Oh hey ladies, I almost didn't see you there, sitting behind me while I worked my 'ceps. I'm actually on the way to the gym, but you know what they say—Why sit when you can get ripped? Yes of course they say that, don't you read. Heh. Babes, man. Good to look at, not much goin' on between the eyes.
Before you start thinking I'm just about looks, you know, maybe "Well Craig is just so ripped, he must be quite dull, mustn't he?" To which I say, "Look babe, this isn't Breakfast at Tiffany's, this America. This is the M train. Let's drop the "mustn't" and the "darns" and "golly-gees." But just because I'm a man who doesn't have time for flowery crap doesn't mean I'm not educated—you see my bag? DK—that stands for "Dorling Kindersley." I don't know what the fuck that is, but sounds British. Anyway some broad left it at my house last week after I finished rubbin' her down with my favorite Green Apple Edible Massage Oil. It's perfect for carrying my Muscle Milk and yeast flakes, so I hid it under the bed while she was in the shower.

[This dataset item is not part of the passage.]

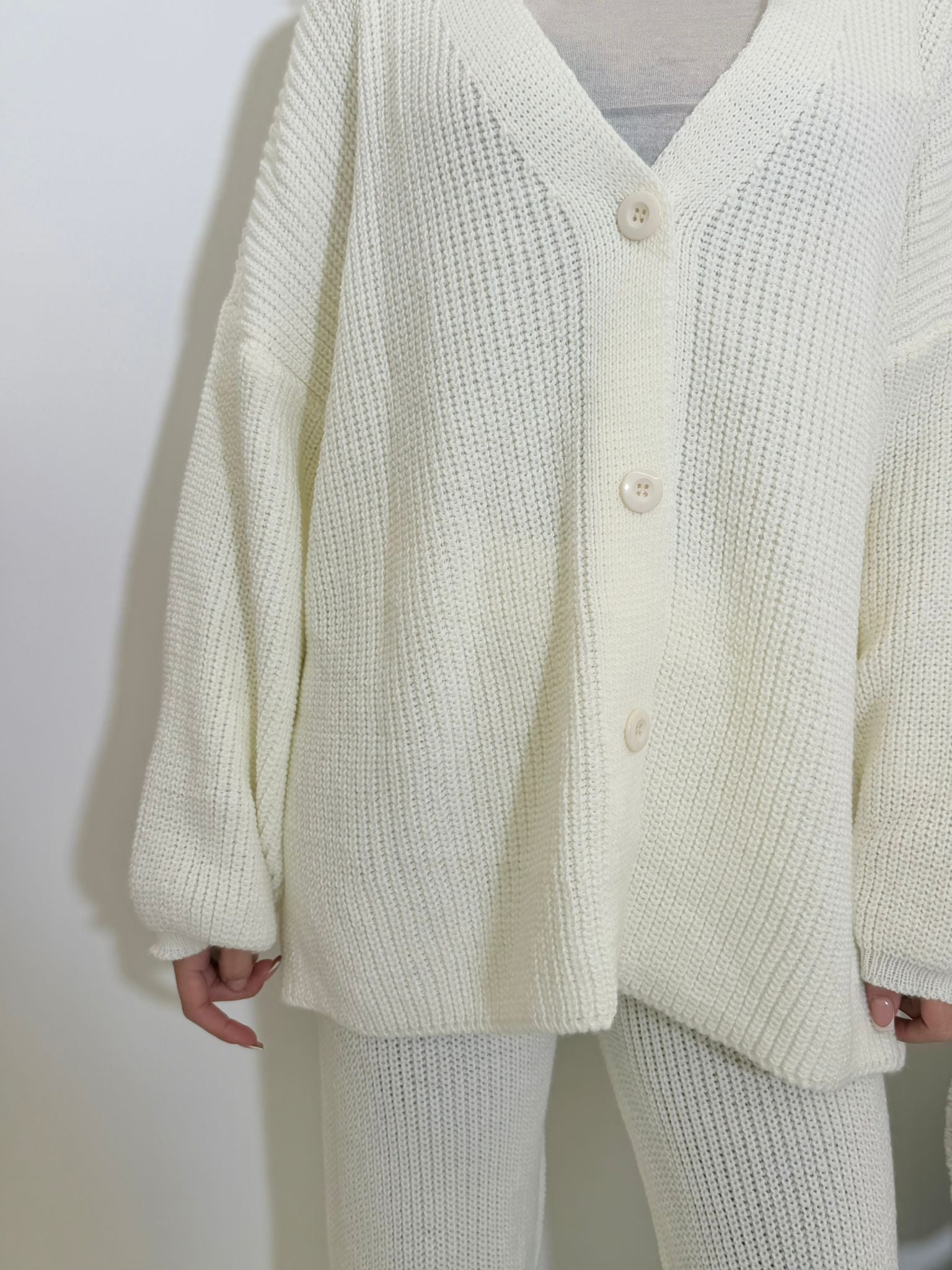 coordinato in simil lana , composto da cardigan over a maniche lunghe con bottoncini e pantalone a gamba dritta con elastico in vita.
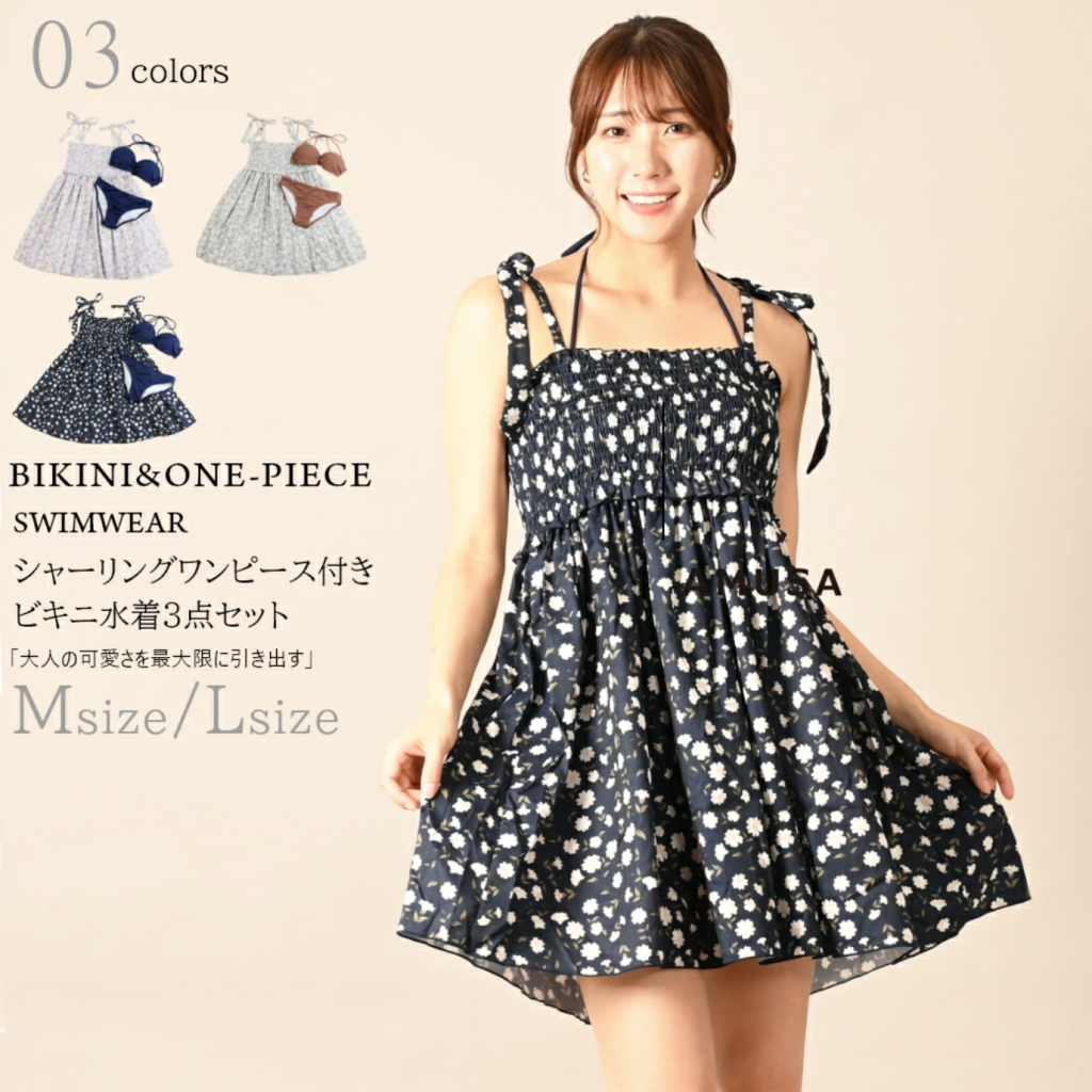 そのまま水に入ってもOKなワンピースが付いたビキニのセット。シティも歩けるワンピースは軽やかで体型カバーもしてくれるシャーリングで上品。スタイルアップしてくれるベーシックなビキニとの組み合わせで夏を思いっきり楽しみましょう!

So look, I got another 45 reps to go and I'm 'bout to blast some jams but listen, I was wondering, maybe you want to work out with me sometime. You just lay on down on the seat there, rest your face right down in the molded plastic, and I'll let my hands and the edible massage oil do the talkin'. Give a new meaning to "straphanger," if you catch my drift. You do. Cool, man, cool. This your stop? Really? I thought you said...OK well Thursday, then, right here. It's going to be the ride of your life. I might even take my shades off.